Delta Dreamflight, renamed Dreamflight and then Take Flight during its final two years of operation, was an attraction located in Tomorrowland at the Magic Kingdom inside the Walt Disney World Resort, and was sponsored by Delta Air Lines. Dreamflight replaced an attraction called If You Could Fly (originally If You Had Wings), sponsored by Eastern Air Lines.

Overview
Dreamflight used the same basic Omnimover ride system that other Disney rides utilize today. It was a dark ride that showcased the history of flight using simplistic sets, some Audio-Animatronics and projection effects. Riders passed through scenes of barnstormers, an M-130, Tokyo and Paris in the 1930s, the jet age, and the future of air travel, and appeared to enter a working jet engine.

Scrapped Disneyland plan
After Delta Dreamflight at Magic Kingdom closed in 1998 to be replaced by Buzz Lightyear Space Ranger Spin which opened in November of that same year.
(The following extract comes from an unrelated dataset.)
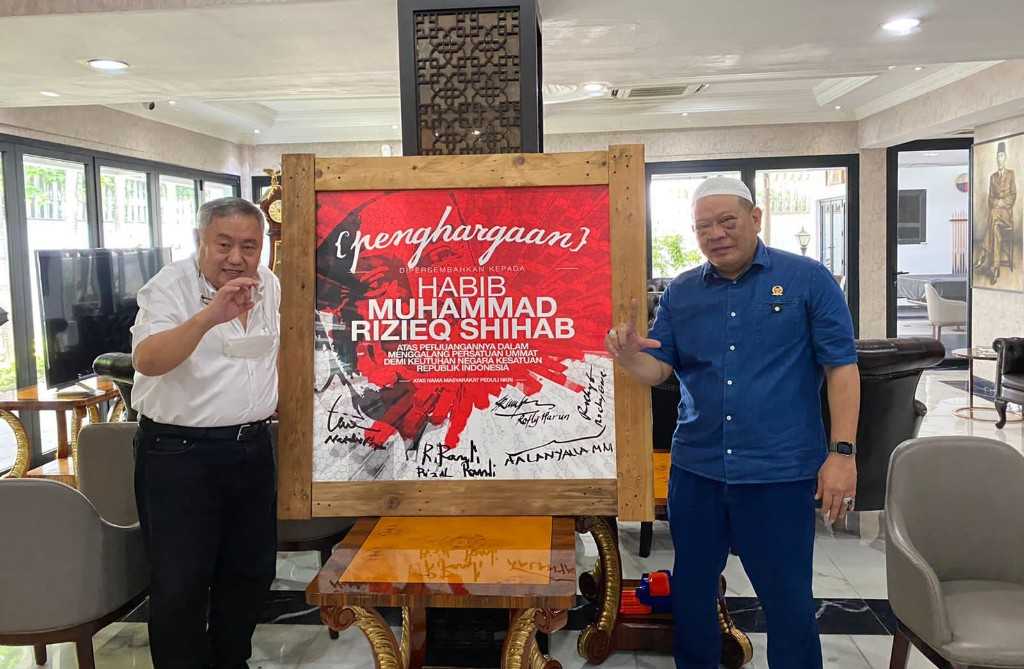 Liputan.co.id, Jakarta – Ketua DPD RI AA LaNyalla Mahmud Mattalitti menjadi salah satu tokoh yang menandatangani plakat dukungan Man of The Year 2021 kepada Habib Muhammad Rizieq Shihab, yang digagas Masyarakat Peduli NKRI di Jakarta, Jumat (31/12/2021).

Disney was making the plan of replacing the Circle-Vision 360° theater which was showing American Journeys at the time and Disney hoping for their new ride to be an Omnimover dark ride like the Haunted Mansion in New Orleans Square and due to Delta Dreamflight just meeting the space requirements for it. But the plan was scrapped due to multiple reasons such as not being to able to make a plan with Delta and changes with the Tomorrowland 2055 plan. This was mainly due to a new ride that Walt Disney Imagineering was making for the new Tomorrowland overhaul known as Tomorrowland 2055, which would involve using the Circle-Vision 360° Theater and the old PeopleMover track for a new thrill ride known as Rocket Rods.

Ride description
Guests entered the building into a small queue designed to look like an airport boarding terminal. The front-end nose and cockpit of an actual Delta 767 was situated on the left entering the queue, "passengers" appearing as though they were actually boarding a jetliner. The Delta jet was marked as "The Spirit of Delta" in bright gold. As guests made their way into the queue opposite the jet, they entered a terminal gate with posters on the wall that included many exciting and exotic destinations of the world. Eventually, the guests would make their way back up the terminal gate and enter the side of the jet into a mirrored hallway lined with bright blue, green, red, and yellow neon lights. As guests walked up a ramp they entered the boarding area which was set up in a very similar fashion to the Haunted Mansion. As the bright blue "cars" rode past one would walk onto a moving escalator ramp and "board the flight".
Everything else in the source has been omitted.